The reply needs the lines from the one containing "Fig. 1. Museo" through the end of the material, each repeated exactly, and no pictures.
========================================
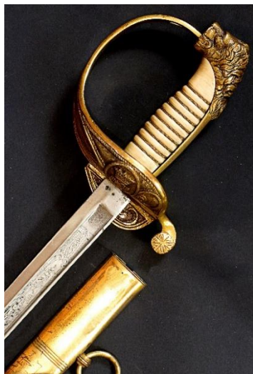
ESPADA-SABLE Jefes y oficiales de la Armada modelo 1844-57 variante con hoja recta P.S. Libro ESPADAS ESPAÑOLAS, por Vicente Toledo
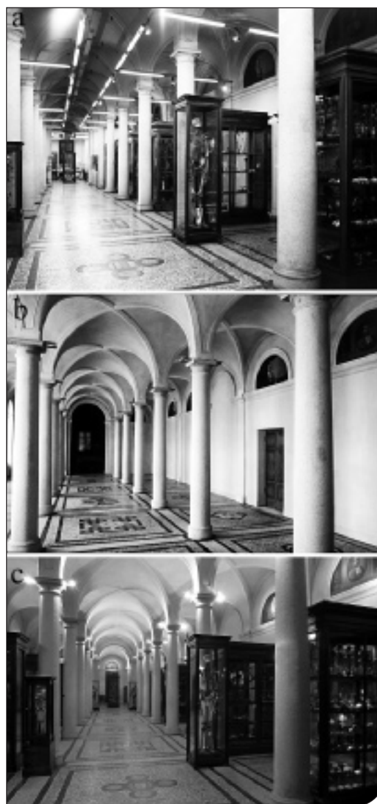
Fig. 1. Museo di Anatomia umana dell'Università di Torino. Immagini della sala principale del museo prima (a) e dopo il restauro (c); b) immagine della stessa sala dopo il restauro dell'ambiente e prima del riallestimento.

Una saggio stratigrafico condotto sulle superfici di volte e pareti ha permesso di evidenziare che il colore presente era ancora quello originario. Esso presentava degni di degrado a seguito di infiltrazioni di acqua dai locali del sottotetto (che avevano anche portato, in alcuni tratti, a fioriture di sali minerali) e forti depositi di sporco superficiale. Le operazioni condotte sono
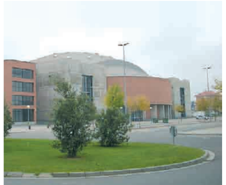
Palacio de Deportes de La Rioja.
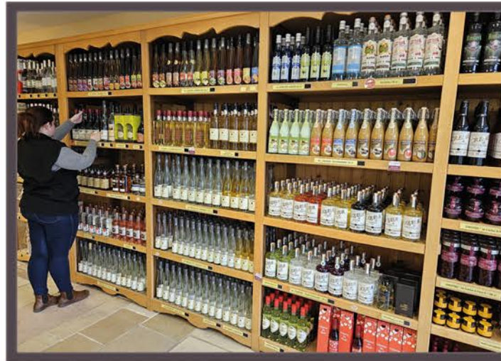
Moyens de paiement acceptés : Carte bancaire, chèque, espèces en Euros.
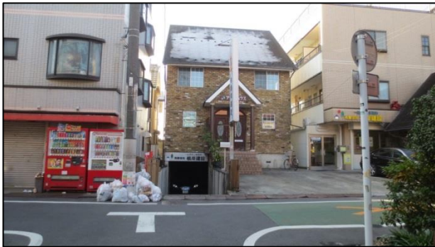
■ 避難道路整備（整備前）
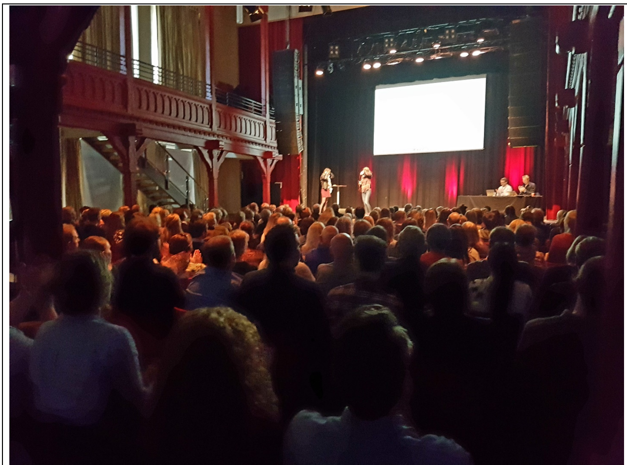
Figur 2. Fra TeachMeet 2017.

Samtlige tiltak er fullfinansiert av partene, med unntak av enkelte FoU-prosjekter, som har ekstern finansiering (offentlig PhD-ordning). Våren 2018 er det utviklet en FoU-strategi i USSiT. Her skilles det mellom tre nivåer for FoU-prosjektene – mikro, meso og makro – som vist i Tabell 1. Hittil er det utviklet prosjekter på mikro og meso-nivå.
========================================
(SOLVED EXERCISE):
Fig. 1. Museo di Anatomia umana dell'Università di Torino. Immagini della sala principale del museo prima (a) e dopo il restauro (c); b) immagine della stessa sala dopo il restauro dell'ambiente e prima del riallestimento.

Una saggio stratigrafico condotto sulle superfici di volte e pareti ha permesso di evidenziare che il colore presente era ancora quello originario. Esso presentava degni di degrado a seguito di infiltrazioni di acqua dai locali del sottotetto (che avevano anche portato, in alcuni tratti, a fioriture di sali minerali) e forti depositi di sporco superficiale. Le operazioni condotte sono
Palacio de Deportes de La Rioja.
Moyens de paiement acceptés : Carte bancaire, chèque, espèces en Euros.
■ 避難道路整備（整備前）
Figur 2. Fra TeachMeet 2017.

Samtlige tiltak er fullfinansiert av partene, med unntak av enkelte FoU-prosjekter, som har ekstern finansiering (offentlig PhD-ordning). Våren 2018 er det utviklet en FoU-strategi i USSiT. Her skilles det mellom tre nivåer for FoU-prosjektene – mikro, meso og makro – som vist i Tabell 1. Hittil er det utviklet prosjekter på mikro og meso-nivå.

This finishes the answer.